The hardnesses of materials A and B after retrogression and reaging with the simulated paint bake are compared with hardness values produced by other reaging procedures shown in Figure 6. Vickers hardness measurements from the following conditions are presented as a function of retrogression time for retrogression temperatures of 200 °C and 225 °C: retrogressed only (R); retrogressed and paint baked (RP); retrogressed and reaged (RA); and retrogressed, reaged, and then paint baked (RAP). The effectiveness of a reaging procedure can be evaluated by comparing the hardness produced to the peak-aged (T6) hardness and to the hardness after retrogression.

Figure 6(a) presents the hardness of material A after retrogression at 200 °C (curve R) and the three different reaging procedures investigated in this study (curves RA, RP, and RAP). Note that T6 hardness, measured from material A in the as-received, peak-aged condition, is marked in Figure 6(a). Curve RA demonstrates that the standard reaging procedure increases hardness by 10 to 20 pct from the retrogressed condition (curve R) and recovers the full T6 hardness of material A. Curve RP illustrates that hardness in material A increased by 3 to 10 pct from the retrogressed condition after reaging with the simulated paint bake, with the exception of the specimen retrogressed for only 10 seconds. Hardness remains between 5 and 10 pct below peak-aged hardness for the RP specimens. The RAP reaging procedure produced hardness increases from the retrogressed condition that are similar to those produced by the RP reaging procedure, as demonstrated by Figure 6(a). Figure 6(b) presents the hardness of material B after retrogression at 200 °C and after subsequent reaging. T6 hardness is marked in Figure 6(b) as measured from material B in the as-received, peak-aged condition. The standard reaging procedure, curve RA, recovered hardness to within 3 pct of the peak-aged value, with the exception of the specimen retrogressed for 150 seconds at 200 °C. The paint-bake reaging, curve RP, increased hardness by 5 to 8 pct over the retrogressed condition for retrogression times of greater than 10 seconds. However, the hardnesses of the RP specimen remained approximately 5 to 10 pct less than the peak-aged (T6) condition. The RAP procedure did not increase hardness significantly over the retrogressed condition.
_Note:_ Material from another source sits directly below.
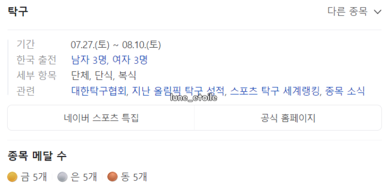 탁구에는 금5개 은5개 동5개의 매달이 걸려있습니다.

Figure 6(c) presents the hardness of material A after retrogression at 225 °C and after subsequent reaging. The standard reaging procedure recovered hardness in material A to nearly peak-aged values after retrogression at 225 °C for 10 and 30 seconds, but not for 90 and 150 seconds, as illustrated by curve RA in Figure 6(c). The RP and RAP procedures generally increased hardness by 5 to 12 pct over the retrogressed condition in material A after retrogression at 225 °C. Figure 6(d) presents the hardness of material B after retrogression at 225 °C and after reaging. Similar to material A after retrogression at 225 °C, Figure 6(d) demonstrates that the standard reaging procedure, curve RA, recovered hardness to nearly peak-aged values for retrogression times of 10 and 30 seconds, but not for 90 and 150 seconds in material B. The RP and RAP procedures did not improve hardness in material B over the retrogressed conditions, as demonstrated in Figure 6(d).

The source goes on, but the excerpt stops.